● **TASK GOAL**: Once the line containing "注:所有橙色数值受英雄四维属性影响,吕布天赋加成随武力提升而增强。" is found in the material below, it and every line after it should be transcribed exactly, with pictures left out and nothing added.

● **THE DATA**:
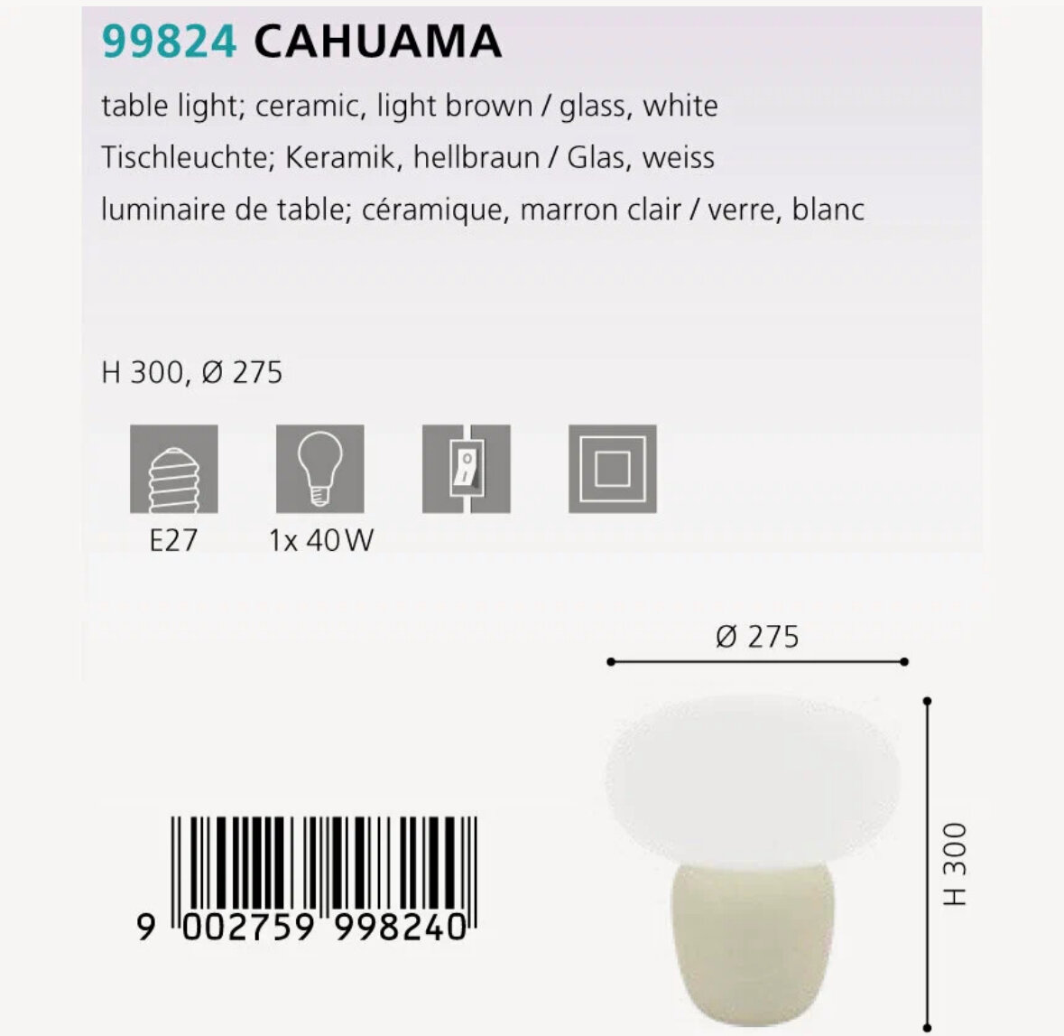 Номенклатура | 99825 Настольная лампа CAHUAMA, 1х40W, E27, H300, D275, керамика, светло-коричневыйй/стекло, белый |
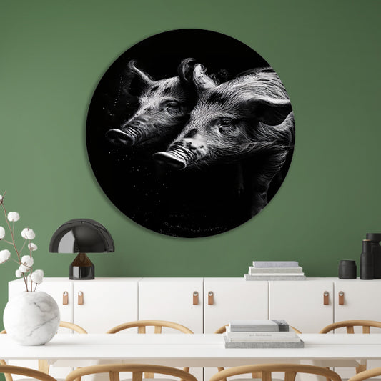 Intense blikken van zwart-wit varkens forex muurcirkel
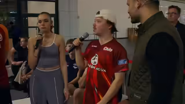 00:22:34Nach einer kurzen Einführung und der Bestätigung, dass es kein Rollenspiel (RP) geben wird, beginnt das Showmatch der deutschen Padel-Tennis-Nationalmannschaft. Die Profis demonstrieren beeindruckende Spielzüge und Taktiken, wobei sie den Ball oft über die Bande spielen, um ihre Gegner zu ermüden. Ein verletzungsbedingter Ausfall eines Profis führt dazu, dass ein Ersatzmann einspringt, um das Zwei-gegen-Zwei-Format beizubehalten. Die Zuschauer erhalten so einen Einblick in das hohe Niveau des Sports. Breitenberg und Edis kommentieren das Spielgeschehen und loben die Produktionsqualität mit den dynamischen Kamerawechseln. Nach dem Showmatch werden die Influencer für die Teamzusammenstellung versammelt. Es wird beschlossen, die zwei Damen, Sophia und Zoe, mit den vermeintlich stärksten Männern zu paaren, um faire Teams zu gewährleisten. Fitness-Oskar, der seinen eigenen Schläger mitgebracht hat, wird als potenzieller Profi eingestuft. Nach einigen Diskussionen und dem Wunsch der Spieler, ihre Partner selbst zu wählen, werden die Teams wie folgt festgelegt: Team 1 'Der große Boom' (Sophia & Ronny Berger), Team 2 'Team Schläger' (Zoe & Fitness-Oskar), Team 3 'Team Scorps' (Vasily & Jensen), Team 4 'Die Paddler' (Fassler & Knirps) und Team 5 'Team Tornado Speed' (Max Reis & Ron Belicki).
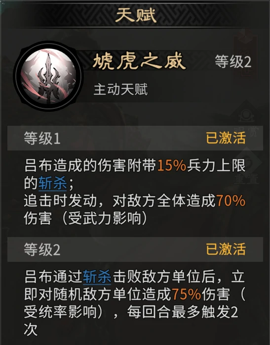注:所有橙色数值受英雄四维属性影响,吕布天赋加成随武力提升而增强。
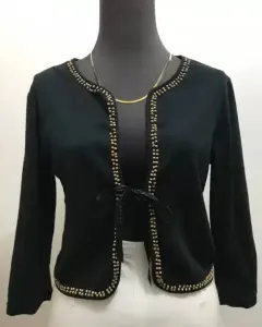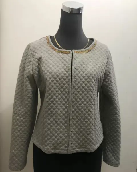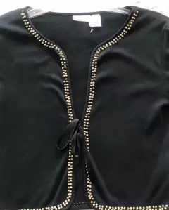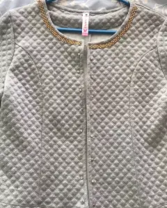 Saco capitonado color gris, talla M, con aplicaciones en cuello, marca Arlets.Torero azul marino con aplicaciones al detente y por la parte inferior espalda, talla M. Sin detalles ninguno. Excelente estado y fácil de combinar.
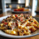Loaded Cheeseburger Alfredo Pasta combines two comfort food favorites into one dish: cheeseburgers and creamy pasta Alfredo. The use of ground beef gives it that hearty feel while a blend of cheeses creates a rich sauce that clings beautifully to each piece of pasta. This fusion results in a meal that’s both filling and flavorful—perfect for family dinners or gatherings.
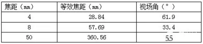 以下列舉幾個(gè)實(shí)例:長(zhǎng)焦距鏡頭視場(chǎng)角窄于40°,例如:鏡頭焦距2.5 mm,視場(chǎng)角為 45°左右。鏡頭焦距5.0 mm,視場(chǎng)角為 23°左右。鏡頭焦距7.5 mm,視場(chǎng)角為 14°左右。鏡頭焦距10 mm,視場(chǎng)角為 12°左右。鏡頭焦距15 mm,視場(chǎng)角為 8°左右。
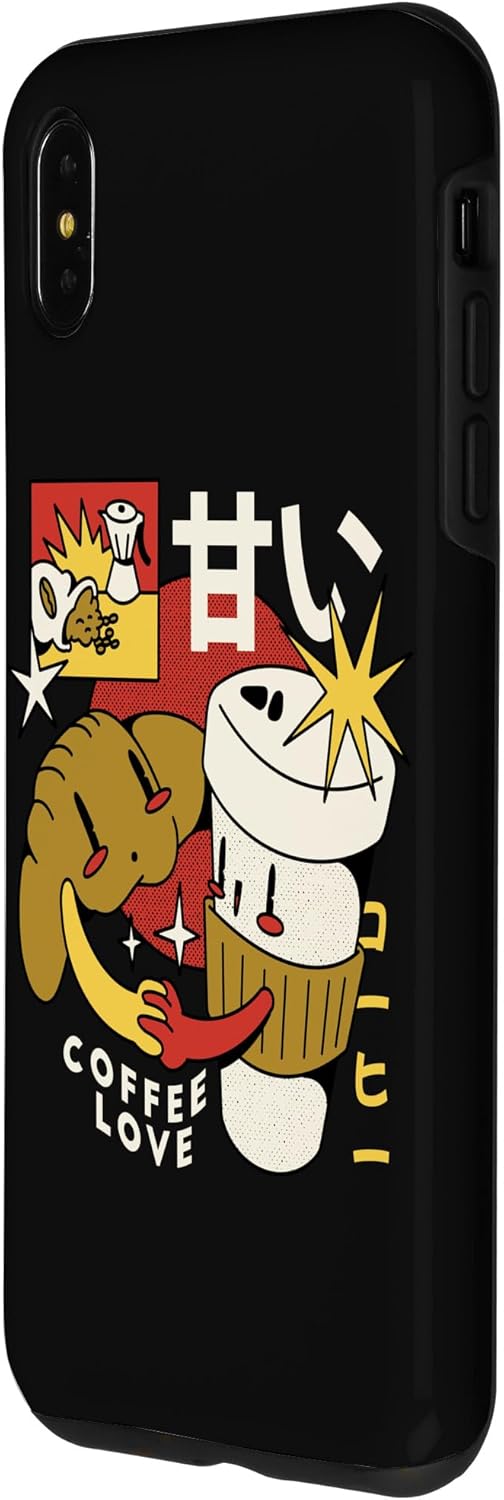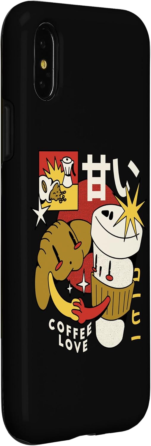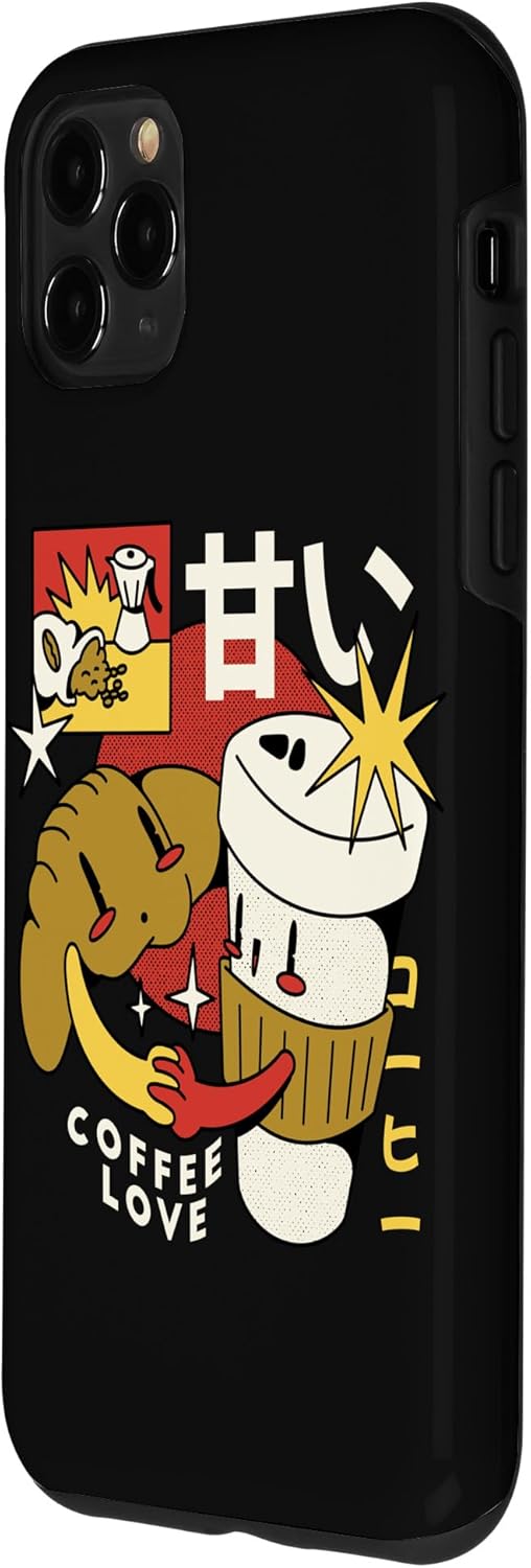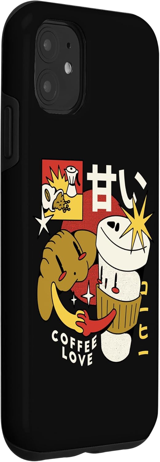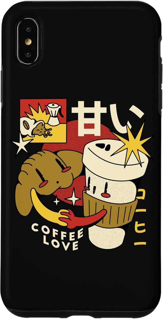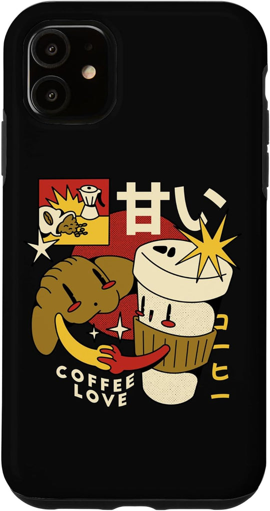 かわいい コーヒー クロワッサン 和 カワイイ レトロ ヴィンテージ 漫画 スマホケース iPhone 15 Plus 用

● **ANSWER TO THE PROBLEM**:
注:所有橙色数值受英雄四维属性影响,吕布天赋加成随武力提升而增强。
 Saco capitonado color gris, talla M, con aplicaciones en cuello, marca Arlets.Torero azul marino con aplicaciones al detente y por la parte inferior espalda, talla M. Sin detalles ninguno. Excelente estado y fácil de combinar.
Loaded Cheeseburger Alfredo Pasta combines two comfort food favorites into one dish: cheeseburgers and creamy pasta Alfredo. The use of ground beef gives it that hearty feel while a blend of cheeses creates a rich sauce that clings beautifully to each piece of pasta. This fusion results in a meal that’s both filling and flavorful—perfect for family dinners or gatherings.
 以下列舉幾個(gè)實(shí)例:長(zhǎng)焦距鏡頭視場(chǎng)角窄于40°,例如:鏡頭焦距2.5 mm,視場(chǎng)角為 45°左右。鏡頭焦距5.0 mm,視場(chǎng)角為 23°左右。鏡頭焦距7.5 mm,視場(chǎng)角為 14°左右。鏡頭焦距10 mm,視場(chǎng)角為 12°左右。鏡頭焦距15 mm,視場(chǎng)角為 8°左右。
 かわいい コーヒー クロワッサン 和 カワイイ レトロ ヴィンテージ 漫画 スマホケース iPhone 15 Plus 用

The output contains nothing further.